» **Problem statement**: Without the images, repeat every line of the listing verbatim.

» **Exercise data**:
□ □ □ □ □ □ □

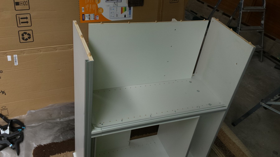 Der Umbau der qualitativ sehr hochwertigen Schränke war komplizierter als gedacht, da viele Schrauben und Verzapfungen von außen nicht erkennbar waren und die Schrankteile teilweise auch verleimt waren.
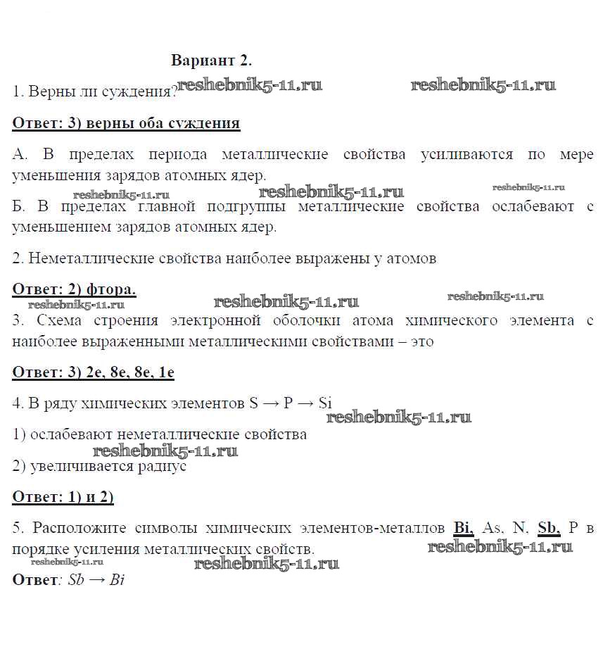 Готовая домашняя работа с ответами по Химии за 8 класс Габриелян, Краснова Контрольные работы УМК Дрофа 2017 ФГОС - ПР-5. Варианты 2
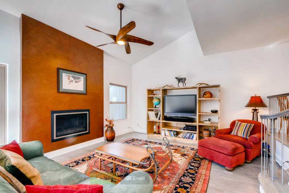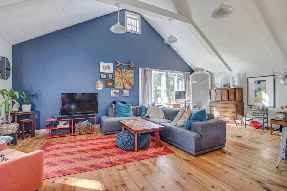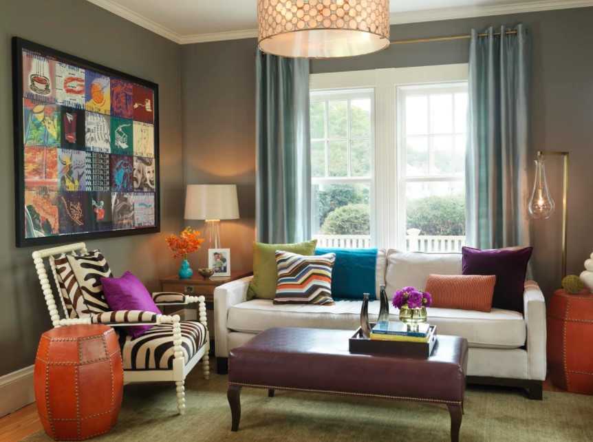 | Яркая гостиная | В ярком дизайне с использованием насыщенных цветов отлично будет смотреться темно-серый диван из замшевой обивки или эко-кожи. | 1. Лучше подбирать желтые или синие контрастные цвета.
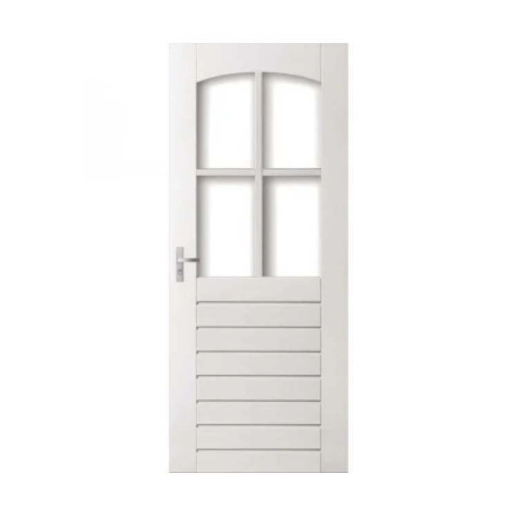 Hardhouten terrasdeur met sierlijke toog en 4-ruits indeling, uitgevoerd met traditionele houten roedes. Keuze uit een schuin facetprofiel of klassiek rond kraalprofiel. Leverbaar in elke maat, ook als dubbele deur. Geschikt voor blank isolatieglas of isolatieveiligheidsglas.

□ □ □ □ □ □ □

» **Answer section**:
 Der Umbau der qualitativ sehr hochwertigen Schränke war komplizierter als gedacht, da viele Schrauben und Verzapfungen von außen nicht erkennbar waren und die Schrankteile teilweise auch verleimt waren.
 Готовая домашняя работа с ответами по Химии за 8 класс Габриелян, Краснова Контрольные работы УМК Дрофа 2017 ФГОС - ПР-5. Варианты 2
 | Яркая гостиная | В ярком дизайне с использованием насыщенных цветов отлично будет смотреться темно-серый диван из замшевой обивки или эко-кожи. | 1. Лучше подбирать желтые или синие контрастные цвета.
 Hardhouten terrasdeur met sierlijke toog en 4-ruits indeling, uitgevoerd met traditionele houten roedes. Keuze uit een schuin facetprofiel of klassiek rond kraalprofiel. Leverbaar in elke maat, ook als dubbele deur. Geschikt voor blank isolatieglas of isolatieveiligheidsglas.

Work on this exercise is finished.